After a tough campaign in Kentucky, McConnell returned to Washington in a much more skeptical frame of mind. In a speech Wednesday on the Senate floor, he warned he would “find it exceedingly difficult to support additional taxpayer funds without serious assurances from the incoming administration that the taxpayers will be protected.”
Those remarks set the stage for Obama to send his senior economic adviser, Lawrence Summers, as well as the incoming White House chief of staff, Rahm Emanuel, to meet with Senate Republicans in the late afternoon. In the time remaining before the floor vote, a key issue will be how far Obama will go to assure Republicans that he won’t use the Treasury funds as a tool for industrial policy.
Many, like McConnell, were upset when the outgoing Bush administration reversed itself and tapped Treasury funds to help Detroit automakers facing bankruptcy. Sen. Judd Gregg (R-N.H.) said Bush’s decision opened a Pandora’s box for conservatives. Prodded by Gregg, Summers and Emanuel emphasized that Obama had no desire to expand Treasury’s commitment to new industries.
“It hopefully gave people some comfort,” said Gregg, who has been a valuable ally for Obama given his standing on fiscal issues. “They made very clear that they aren’t going to use [the Treasury] money outside the financial industry except for what’s committed to auto and maybe something additional under a major reorganization plan for auto.”

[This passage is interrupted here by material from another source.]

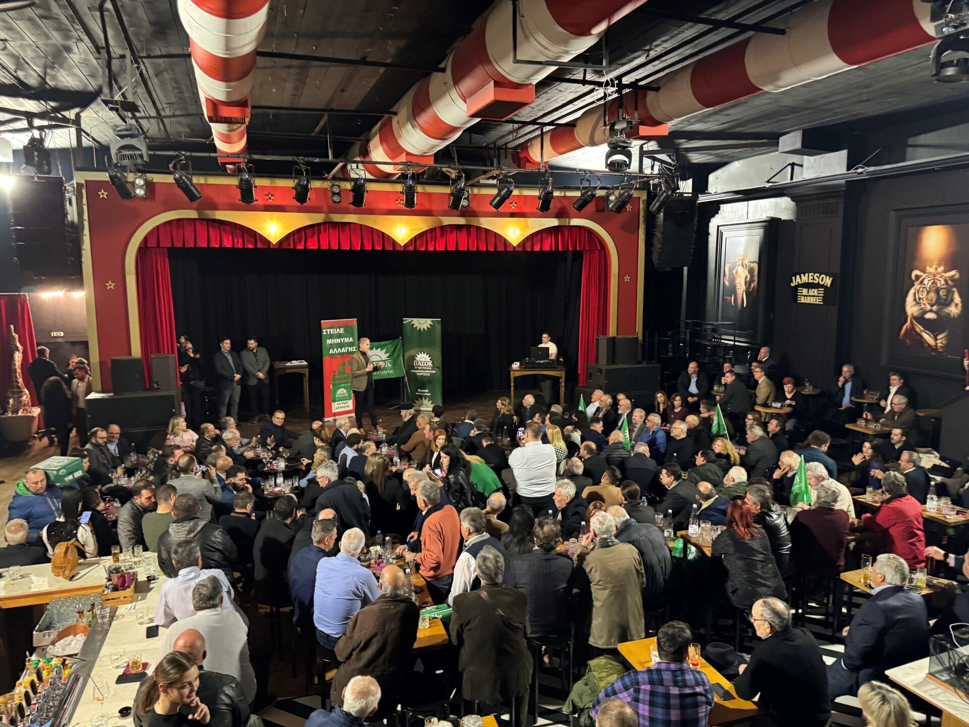 Κλίμα εκείνης της εποχής κυριάρχησε το βράδυ της Δευτέρας στην κοπή πίτας που διοργάνωσε η Νομαρχιακή Επιτροπή και η Τοπική Οργάνωση του κόμματος, σε γνωστή μουσική σκηνή της Λάρισας.

Summers and Emanuel left without comment, but McConnell said he would also want something beyond closed-door assurances from the administration. And a second decisive vote could come from Arizona Republican Sen. John McCain, Obama’s defeated presidential rival.
Much as this is a first test for Obama, it could also be a first test of that relationship with McCain. The Arizonan’s office refused to comment on his stand, but Gregg said hopefully of McCain: “When I last asked him, he said he was still listening.”